Eating Out With Diabetes: 8 Menu Words to Avoid
Following a diabetes diet? Here’s how to decode a restaurant menu to avoid ordering unhealthy dishes.
Be a savvy diner
Living with diabetes doesn’t mean you need to swear off eating out with friends and family. Just like anyone else, you can maintain a balanced diet at a restaurant, as long as you know the right foods to avoid. It’s not always easy: Often, menus are coded with mouthwatering language that actually translates to “fatty,” “high in sugar,” or “loaded with calories.” Not everybody with diabetes has the same meal plan, and it’s important to consult your doctor about the best strategy for you. For some people, it’s most important to limit calories, while others should focus on cutting saturated and trans fat. Once you’ve identified your own goals, keep an eye out for these sneaky menu words—they may mean what you’re about to order is a risky choice for your meal plan.
If an entrée is labeled “au gratin,” that means it’s been covered in breadcrumbs—and sometimes butter and cheese—and browned. A popular dish is potatoes au gratin, which can be extremely high in carbohydrates thanks to the starchy potatoes and bread coating. To cut down on carbs, ask for an entrée without the breadcrumbs or peel off the layer of crumbs (though this may be difficult with some dishes).
A “Farm Breakfast” generally refers to a plate of hometown classics that are loaded with carbohydrates and calories. A typical dish may include pancakes, hash browns, eggs, and sausage—adding up to more than 2,050 calories and 275 grams of carbohydrates. (The suggested carbohydrate limit per meal for people with diabetes is 45 to 60 grams—so that’s enough carbohydrates for five meals!). Opt for a “New American” breakfast instead, which is usually a quick, low-carb meal.
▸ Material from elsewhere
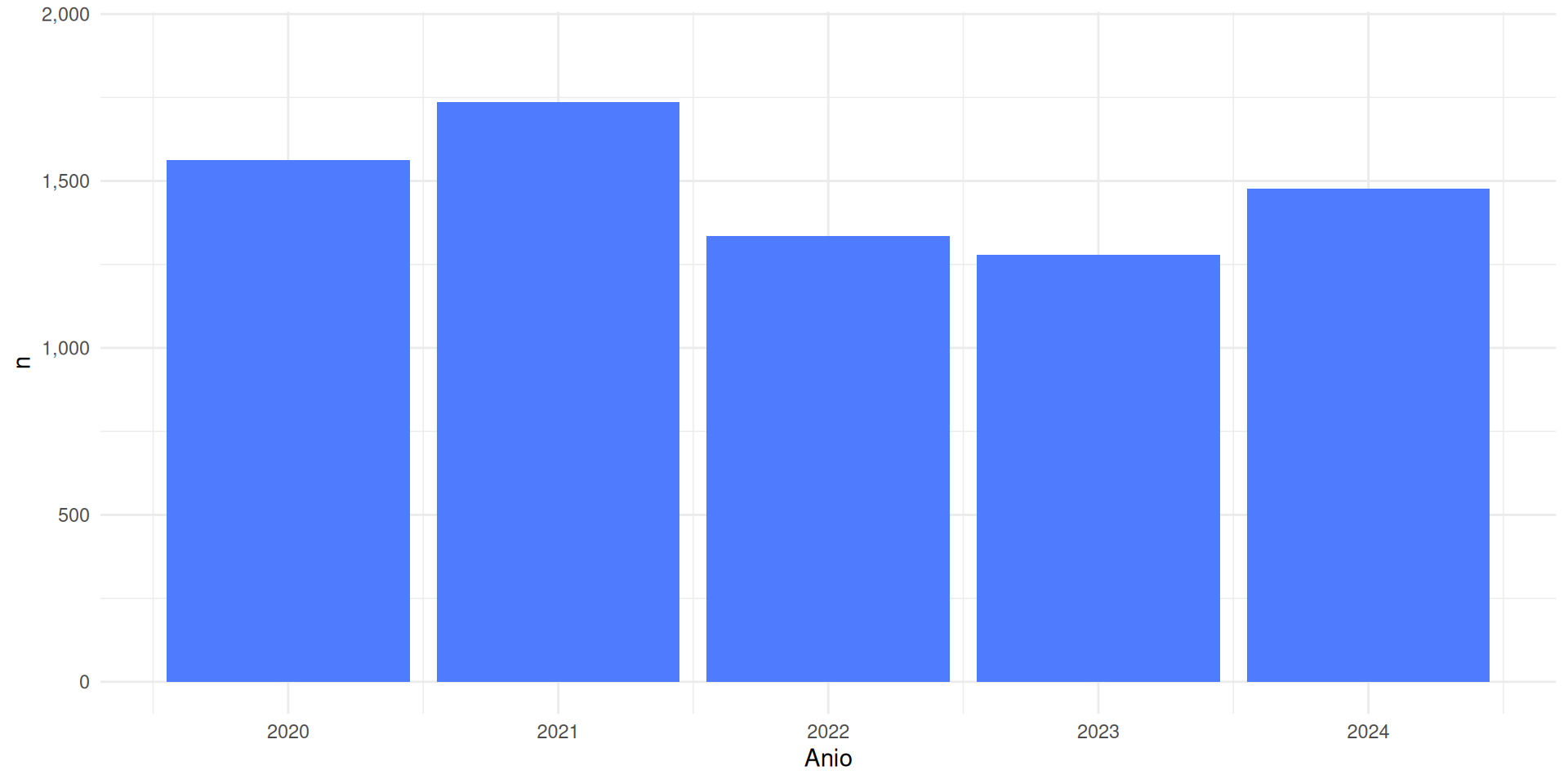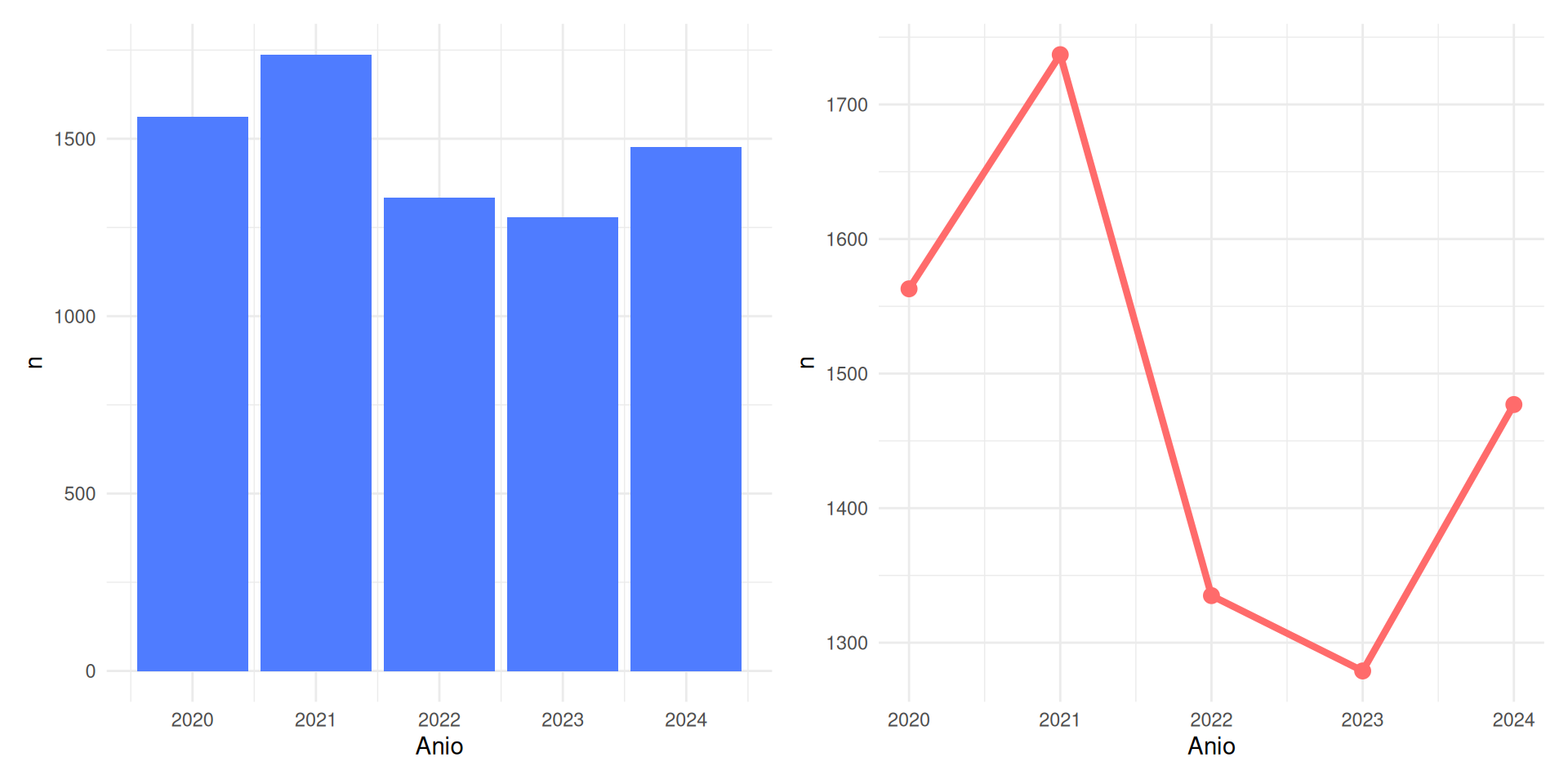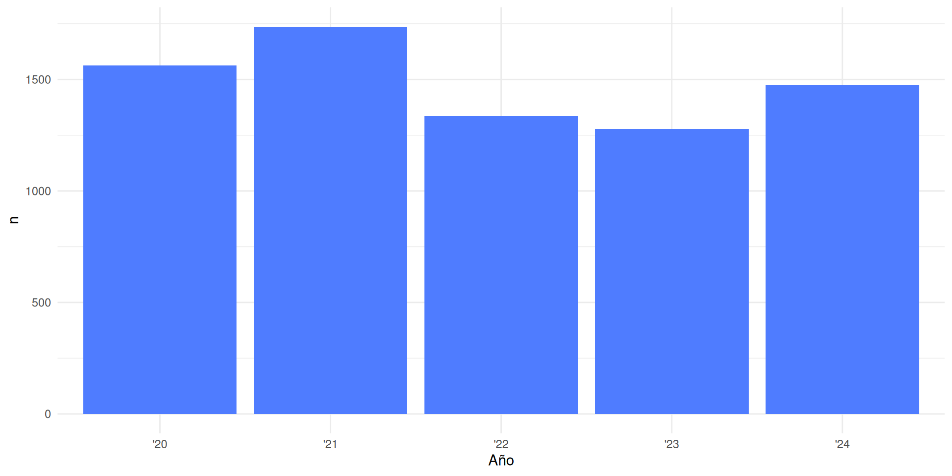 ggplot(tbl_desocup_2020_25, aes(x = Anio, y = n)) +

A light dish of fiber-rich oatmeal and blueberries, along with protein-packed scrambled eggs, has just 294 calories and 40 grams of carbohydrates.
Even healthy food like fish is bad news once it’s battered. A typical plate of two battered fillets with sides such as fries and coleslaw has more than 1,300 calories, 110 grams of carbohydrates, 80 grams of fat, and 3,000 milligrams of sodium. The recommended daily sodium limit for people with diabetes is 1,500 milligrams. Fried foods are also linked to an increased risk of heart disease, and people with diabetes have a higher risk of heart problems than those with healthy blood sugar.
As part of a heart-healthy diet, it’s important to stay away from creamy, fatty sauces. A typical plate of restaurant shrimp pasta Alfredo can have more than 70 grams of saturated fat. The American Diabetes Association suggests eating less than 10 percent of calories from saturated fat per day. For many adults, this equates to about 20 grams. Talk to your doctor about your own limit; many adults (inactive people, for example) may need to eat even less. If you’re craving pasta, ask for a half portion of whole wheat pasta (about 2/3 cup is usually a good portion, but follow the guidelines you’ve established with your doctor), chose a lean meat or protein to pair with it, and check the ingredients in the sauce. Even some tomato-based sauces can be high in sugar, so you may want to ask your server to bring the sauce on the side.
If a menu item is described as “sticky,” ask for a rundown of ingredients in its sauce. Sticky sauces are often loaded with sugar and can silently skyrocket your meal’s carbohydrate levels. Ask for the item without the sauce or request it on the side so you can determine how much you eat.
Like “sticky” menu items, barbecue sauces can be surprisingly carbohydrate-rich. Two tablespoons of barbecue sauce have 15 grams of sugar and 70 calories, and a quarter cup has more sugar than a regular size Snickers bar.
Translation: Comfort food that’s thick and rich. Food that’s described as “velvety” often gets its smooth texture from ingredients high in fat and calories. Similar words that raise a red flag: creamy, smothered, melted, and gooey. Healthier descriptors to look for in a flavorful dish? Rubbed, seared, spiced, seasoned, and roasted.
The alcohol rules are the same for people with diabetes as they are for everyone else: One drink per day for women and two for men. However, it’s important to know how a drink affects your blood sugar. Drinks loaded with sugar can spike it too high, while drinking on an empty stomach can make blood sugar swing too low. If you want a beer with dinner, opt for one that’s labeled “light” or “low carb” (it will have about 3 to 6 grams of carbohydrates, compared to the 15 grams in a normal 12-ounce beer) and avoid “craft” beer, which typically has twice the alcohol and calories as regular beer. A standard 5-ounce serving of red or white wine is also a good choice (stay away from sugary cocktails and sangria).